My GF has an 01 X5 3.0 and in the summertime her mpg's were routinely in the 13's. Your X5d will get better than what you are showing right now. Give it time. Winter time will be your lowest(cold weather/winterized fuel) and summertime will be much better. My 335d has seen a low of 22 and a high of 36+. Just remember the X5 is much heavier and has more drag than a 335d. I did talk to an X5d driver one time and he said he was averaging 19 mpg.


----------



## BB_cuda (Nov 8, 2011)

If you just got the X5, it has to get used to your driving habits. It learns. What the person was saying about winter effects is true too. Comparing the 335D to the X5D mileage is more different than just weight although that is a dominant factor. The gear ratio of a SUV is always set to pull more of a load and thus runs a higher RPM for a given vehicle speed. The all wheel drive aspect also kills mileage but I'm sure you love having that in chicago for winters.

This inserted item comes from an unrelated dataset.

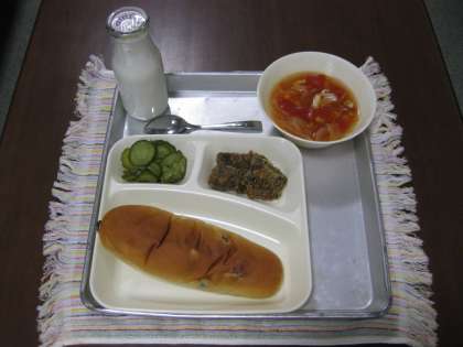 献立:ミラノ風カツレツ、ミネストローネ、きゅうりのサラダ、パン、牛乳
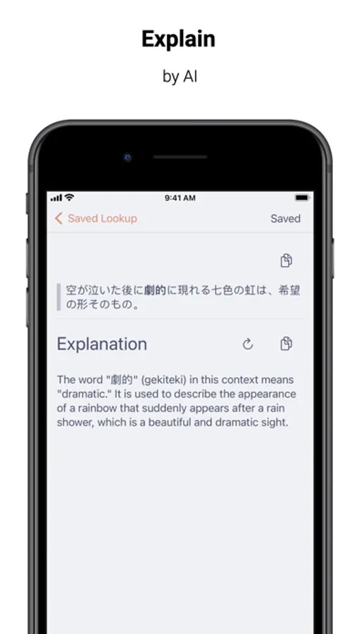 Additionally, saved explanations can be exported as Markdown to other note-taking apps or as CSV to AnkiMobile App. Explanations can also be synced between your iOS and macOS devices.

My 335D is only running at 21.5 mpg running around my locale. I normally only drive surface streets with max speeds of 45 mph and lots of traffic lights. When out on the road and using cruise, i can acheive 39 to 40 mpg if AC is not being used. It is very speed sensitive though. If i go 70, it is okay. From 75 and higher, mileage starts to drop into the mid 34-35 range. Another factor i have found is use of electrical systems causes a loss in mileage at least ones that use significant amperage. Electric butt warmers, rear window defogger, windshield wipers fall into this territory. I drove a stretch of highway on the way to New Orleans in strong rain showers and got around 32 mpg. Drove the same stretch 2 days later and got 39 mpg in clear weather at same speeds if not faster.


----------



## Flyingman (Sep 13, 2009)

tgb1974 said:


> I am about 1/2 through my first tank on a new 2012 X5d and, after about 90% true city driving (Chicago), the trip computer is showing about 15.7 mpg. I am not hitting it hard or anything, just a ton of stop-and-go traffic (and yes, I reset the trip computer before I left the dealership). Is this normal or does it get better over time? I am most interested to hear from X5d owners who do mostly city driving. Thanks in advance!


Check out Fuelly.com and see what real folks are getting in regards to MPG with their X5ds.

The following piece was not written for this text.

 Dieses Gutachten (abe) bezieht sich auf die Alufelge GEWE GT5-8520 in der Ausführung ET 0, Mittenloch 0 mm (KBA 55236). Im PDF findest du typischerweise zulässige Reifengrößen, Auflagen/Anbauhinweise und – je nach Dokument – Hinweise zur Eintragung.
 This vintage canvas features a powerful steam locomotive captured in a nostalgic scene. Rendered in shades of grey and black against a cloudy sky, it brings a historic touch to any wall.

City driving is a definite drag on the MPG. The Diesel engine is best suited for the long haul highway driving.

And 1/2 way through your first tank means you have maybe 200 miles so far. You have a ways to go to get it broken in. I suggest topping it off at the station you most likely expect to use most often, reset your OBC, and start anew. Also, confirm your tire pressure is where you want it. I keep mine on the upper range, i.e. 40/42 psi with super sport non-rft tires.

Enjoy the ride and the torque. The MPG will get there.


----------